Sunday, June 6, 2010

Carlos Bulosan, Humorist and Humoristic Commentator

Pity Carlos Bulosan. Or at least try to. He wrote a book, “The Laughter of My Father,” that was considered a best-seller in the United States in 1940, and is still regarded today as a comic gem, certainly by Louis Untermeyer, who included the story “My Father Goes to Court” in his humor anthology.

But he didn’t mean it to be that way. Bulosan wrote with an undertone of social commentary that, like Multatuli’s “Max Havelaar,” was meant to comment on the rich trampling down the poor. Few Americans read Bulosan today, but fewer still read Multatuli – though his Dutch origins may also play a role in that obscurity.

It doesn’t help, as many critics of Bulosan’s criticism have pointed out, that in “My Father Goes to Court,” the poor family wins.

WARNING: I’m starting here with the zinger to the story, so if you’ve not yet read the tale, just stop right now.

Bulosan writes of a rich man who takes his father to court because while the man has been able to feed his children well, it’s Bulosan’s poor, and poorly nourished family, that has the health the rich man thought he could buy. So the rich man takes the other family to court, accusing them of stealing “the spirit” of his family’s food and wealth. He demands payment. The wise, poor father then does this:

“Do you claim that we stole the spirit of your wealth and became a laughing family while yours became morose and sad” Father asked.


“Do you claim we stole the spirit of your food by hanging outside your windows when your servants cooked it?” Father asked.


“Then we are going to pay you right now,” Father said. He walked over to where we children were sitting on the bench and took my straw hat off my lap and began filling it up with centavo pieces that he took out of his pockets. He went to Mother, who added a fistful of silver coins. My brothers threw in their small change.

“May I walk to the room across the hall and stay there for a few minutes, Judge?” Father asked.

“As you wish.”

“Than you,” Father said. He strode into the other room with the hat in his hands. It was almost full of coins. The doors of both rooms were wide open.

“Are you ready?” Father called.

“Proceed,” the Judge said.

The sweet tinkle of the coins carried beautifully into the courtroom. The spectators turned their faces toward the sound with wonder. Father came back and stood before th complaintant.

“Did you hear it?” he asked.

“Hear what?” the man asked.

“The spirit of the money when I shook this hat?” he asked.


“Then you are paid,” Father said.

And so on. Judge and audience approve with gusty laughter, the rich man falls into his apples and the case is dismissed. I’m sure, somewhere, a coed burned her bra.

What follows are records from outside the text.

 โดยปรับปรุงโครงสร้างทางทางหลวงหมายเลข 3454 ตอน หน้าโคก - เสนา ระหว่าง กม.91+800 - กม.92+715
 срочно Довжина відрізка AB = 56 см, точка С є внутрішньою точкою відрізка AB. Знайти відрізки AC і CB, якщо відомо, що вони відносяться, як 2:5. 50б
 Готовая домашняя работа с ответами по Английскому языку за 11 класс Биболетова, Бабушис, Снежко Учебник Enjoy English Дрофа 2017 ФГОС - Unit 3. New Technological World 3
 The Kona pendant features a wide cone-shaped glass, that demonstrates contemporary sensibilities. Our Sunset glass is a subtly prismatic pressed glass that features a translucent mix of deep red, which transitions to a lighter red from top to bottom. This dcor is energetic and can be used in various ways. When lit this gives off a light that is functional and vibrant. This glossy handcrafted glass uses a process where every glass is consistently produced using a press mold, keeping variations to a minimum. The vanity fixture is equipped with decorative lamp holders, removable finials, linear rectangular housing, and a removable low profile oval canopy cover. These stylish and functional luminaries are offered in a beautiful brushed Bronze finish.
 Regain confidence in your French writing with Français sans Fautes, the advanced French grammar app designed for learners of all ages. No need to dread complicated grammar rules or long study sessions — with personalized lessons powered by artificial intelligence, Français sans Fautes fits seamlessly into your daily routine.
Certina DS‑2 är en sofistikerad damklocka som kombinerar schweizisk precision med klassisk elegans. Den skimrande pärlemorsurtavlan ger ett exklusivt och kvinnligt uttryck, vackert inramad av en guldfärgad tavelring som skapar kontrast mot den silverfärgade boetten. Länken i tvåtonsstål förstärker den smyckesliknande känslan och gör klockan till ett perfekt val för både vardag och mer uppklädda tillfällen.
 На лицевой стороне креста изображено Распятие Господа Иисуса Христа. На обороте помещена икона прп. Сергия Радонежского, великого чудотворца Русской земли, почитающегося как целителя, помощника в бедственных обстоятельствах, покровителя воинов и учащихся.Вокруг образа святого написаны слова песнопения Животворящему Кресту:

There’s debate on whether this is actually biographical, or, if as with Hans Christian Anderson and O. Henry, the story started out as biographical but then diverted in order to hammer home the moral. Either way, it’s a funny story.

Humor is a great societal tool. It can be used to help others see the folly of their actions, or of the political views they support. And sometimes, humor is just humor. There is great pathos in Bulosan’s father paying the complaintant with only the spirit of the money. Life would better be with more such pathos.

Here’s a rather bland reading of Bulosan’s poem “If You Want to Know Who We Are,” taken from every writer’s “I’m Oppressed” stage:

Tuesday, June 1, 2010

Roark Bradford, Meet Uncle Remus. Or Tom. Your Preference.

Here we tread into delicate territory.

That’s how I could start this entry. And I could go on, paragraph after paragraph, tap-dancing around subjects of Uncle Remus, Uncle Tom, “Song of the South,” and Roark Bradford’s “Green Pastures,” a re-telling of Bible stories, as Louis Untermeyer puts it, “as they might have been rendered by illiterate but highly imaginative colored preachers.”

Thus you see my hesitancy.

But Bradford, descendant of William Bradford, the first Governor of Massachusetts, proceeds with gusto. As will I. Here’s a sample:

After ole King Solomon died de kings got to comin’ and goin’ and goin’ so fast dat hit made de Lawd dizzy tryin’ to keep up wid who was de king and who wa’n’t de king. So he say, “Dis ain’t gittin’ nowheres. Ef my people can’t keep a king long enough for me to get acquainted wid him, well, I’m gonter see what gonter happen.

If you can’t handle the patois, or are livid or in any other way annoyed, do not continue.

Sometimes, racial stereotypes are put into films, stories, et cetera, to be hurtful.

Other times, a cigar is just a cigar.

Let’s continue with Bradford’s story:

So hit was a king over in de next town name Nebuchadnezzar which yared de news, so he say, “Well, when de Lawd was sidin’ wid de Hebrew boys they was doin’ some mighty struttin’. But now wid de Lawd layin’ back and watchin’, I’ll just drap over and raise me some sand.” And so he did.

So ole King Nebuchadnezzar lined up his army and lit out.

“Halt, who’s comin’ yar?” say de Hebrew sentry.

“Sad news is comin’ yar,” say King Nebuchadnezzar.

“Ain’t yo’ name King Nebuchadnezzar?” say de sentry.

“Dat’s what dey calls me,” he say. “What’s yo’ name?”

“Daniel,” say de sentry.

“Well, Daniel,” say Nebuchadnezzar, “I’m bringin’ you some sad news. I’m bringin’ you de news which say I’m gonter raise me some sand in dis town.”

“You better let dis town alone,” say Daniel. “When you raise a ruckus in dis town you’s raisin’ a ruckus in de Lad’s town.”

“I kotched de Lawd away f’m home, dis time,” say Nebuchadnezzar.

“You didn’t kotch me away from home,” say Daniel.

“Naw,” say Nebuchadnezzar,” and I’m gonter use you. I’m gonter feed my pet lines on you.”

And the story continues, a garbled version of Daniel in the lions den, getting chucked into furnace (which didn’t happen to Daniel) and Daniel interpreting the proverbial “writing on the wall,” while the addled members of King Nebuchadnezzar’s court chalk up the writing to the effects of drinking too much alcohol:

“What all dem solid-gold cups which I tuck f’m de Hebrew boys?” say ole King Nebuchadnezzar.

“Put away,” say de haid waiter.

“Well, bring ‘em out so My Majesty kind drink come licker outer dem solid-gold drinkin-cups,” say ole King Nebuchadnezzar. And right dar was whar he made a big mistake, ‘cause dem cups wa’n’t de Hebrew boys’ cups. Dem was de Lawd’s cups. So ‘bout de time old King Nebuchadnezzar drunk out of a solid-gold cup, de Laws stepped right through de wall and wrote somethin’ on hit, and den stepped right back again.

“I seen a ha’nt,” say King Nebuchadnezzar.

“Hit’s de licker,” say de gal which is settin’ in his lap. “Hit’ll make you see mighty nigh anything.”

Then we get this lovely picture:

So, yikes. Maybe we’d have been better off if someone had spilled jelly on this part of the book and made the pages stick together after all.

Marc Connelly, inspired by Bradford’s Ol’ Man Adam an’ His Chillun, wrote a play called “The Green Pastures,” which won the Pulitzer Prize for drama in 1930.

It didn’t play well in African-American circles.